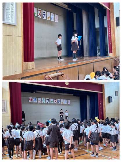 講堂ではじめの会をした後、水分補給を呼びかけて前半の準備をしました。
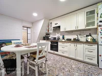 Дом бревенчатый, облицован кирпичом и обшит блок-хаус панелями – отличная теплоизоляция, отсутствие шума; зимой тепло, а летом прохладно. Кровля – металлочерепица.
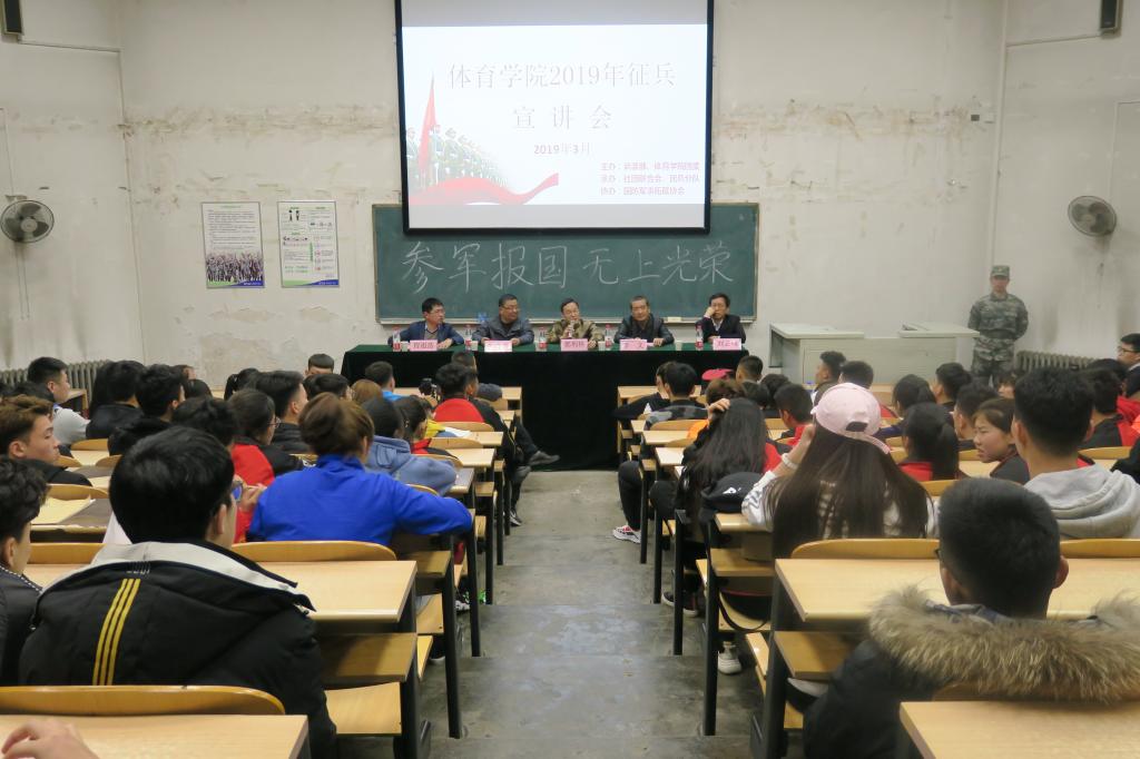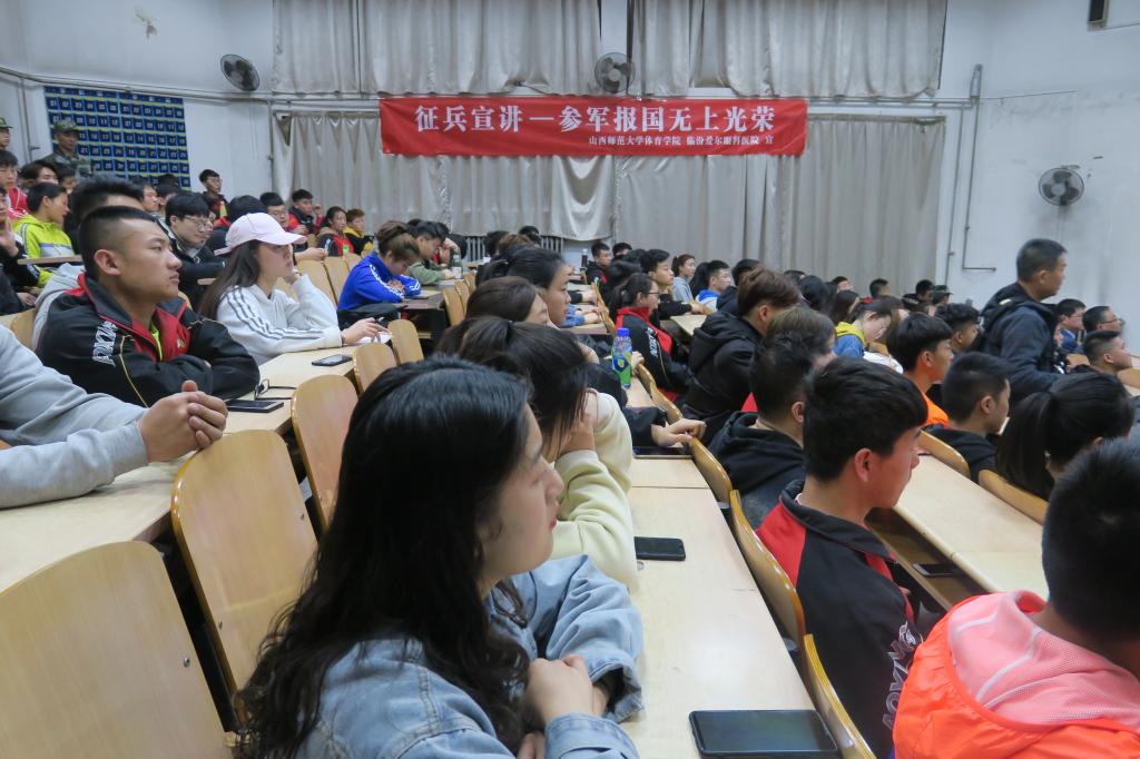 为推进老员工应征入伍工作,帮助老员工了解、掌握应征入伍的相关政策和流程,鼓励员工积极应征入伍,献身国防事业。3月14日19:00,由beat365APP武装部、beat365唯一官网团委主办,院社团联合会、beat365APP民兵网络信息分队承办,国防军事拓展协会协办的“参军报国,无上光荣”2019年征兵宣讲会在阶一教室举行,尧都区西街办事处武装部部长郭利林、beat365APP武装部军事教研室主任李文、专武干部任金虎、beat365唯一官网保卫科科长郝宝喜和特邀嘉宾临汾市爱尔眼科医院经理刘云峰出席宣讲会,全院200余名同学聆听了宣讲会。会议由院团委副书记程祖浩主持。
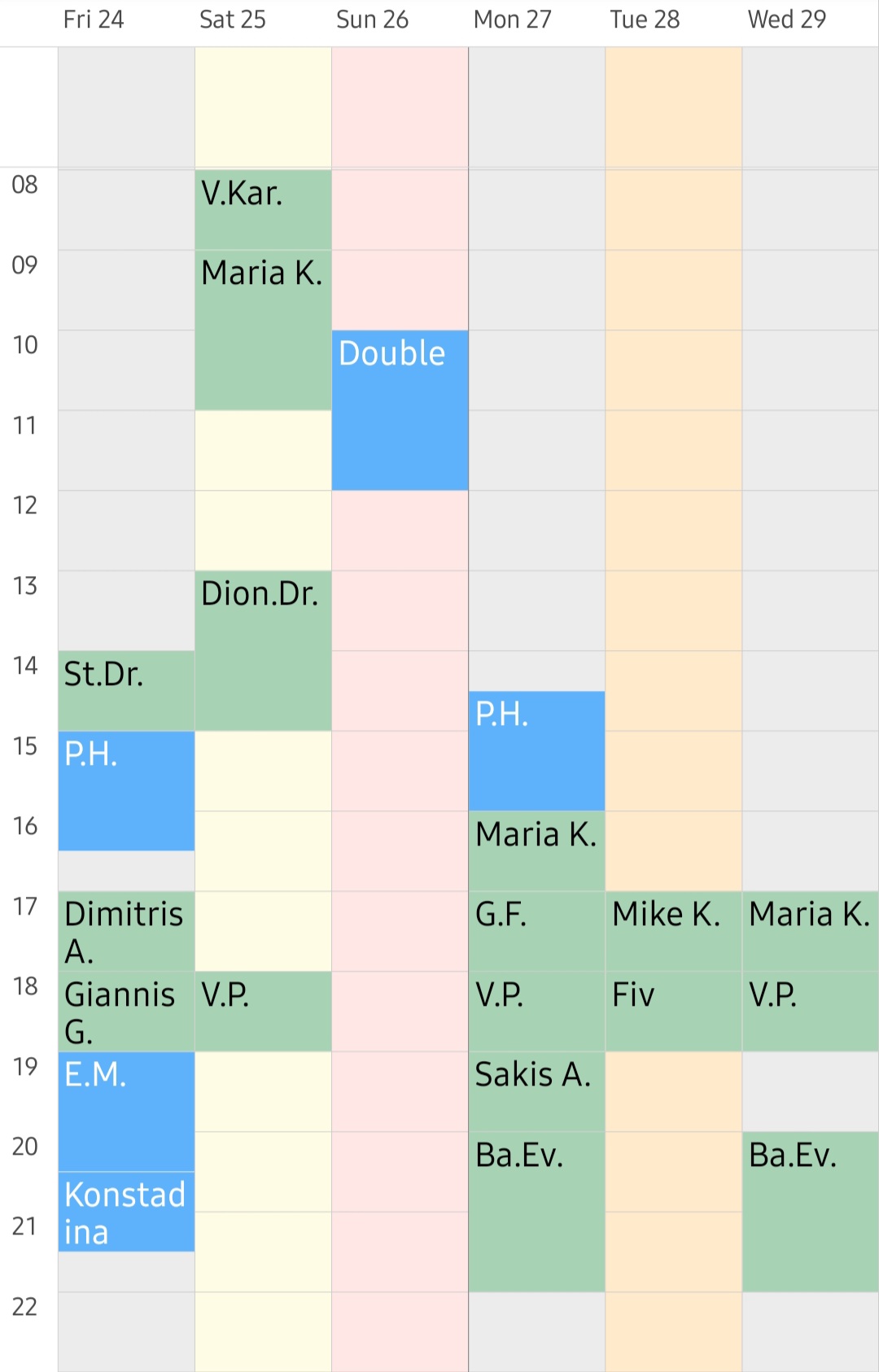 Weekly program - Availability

++++++

• Problem description:
Set down the material above exactly as it reads, but not its pictures.

• Task response:
 講堂ではじめの会をした後、水分補給を呼びかけて前半の準備をしました。
 Дом бревенчатый, облицован кирпичом и обшит блок-хаус панелями – отличная теплоизоляция, отсутствие шума; зимой тепло, а летом прохладно. Кровля – металлочерепица.
 为推进老员工应征入伍工作,帮助老员工了解、掌握应征入伍的相关政策和流程,鼓励员工积极应征入伍,献身国防事业。3月14日19:00,由beat365APP武装部、beat365唯一官网团委主办,院社团联合会、beat365APP民兵网络信息分队承办,国防军事拓展协会协办的“参军报国,无上光荣”2019年征兵宣讲会在阶一教室举行,尧都区西街办事处武装部部长郭利林、beat365APP武装部军事教研室主任李文、专武干部任金虎、beat365唯一官网保卫科科长郝宝喜和特邀嘉宾临汾市爱尔眼科医院经理刘云峰出席宣讲会,全院200余名同学聆听了宣讲会。会议由院团委副书记程祖浩主持。
 Weekly program - Availability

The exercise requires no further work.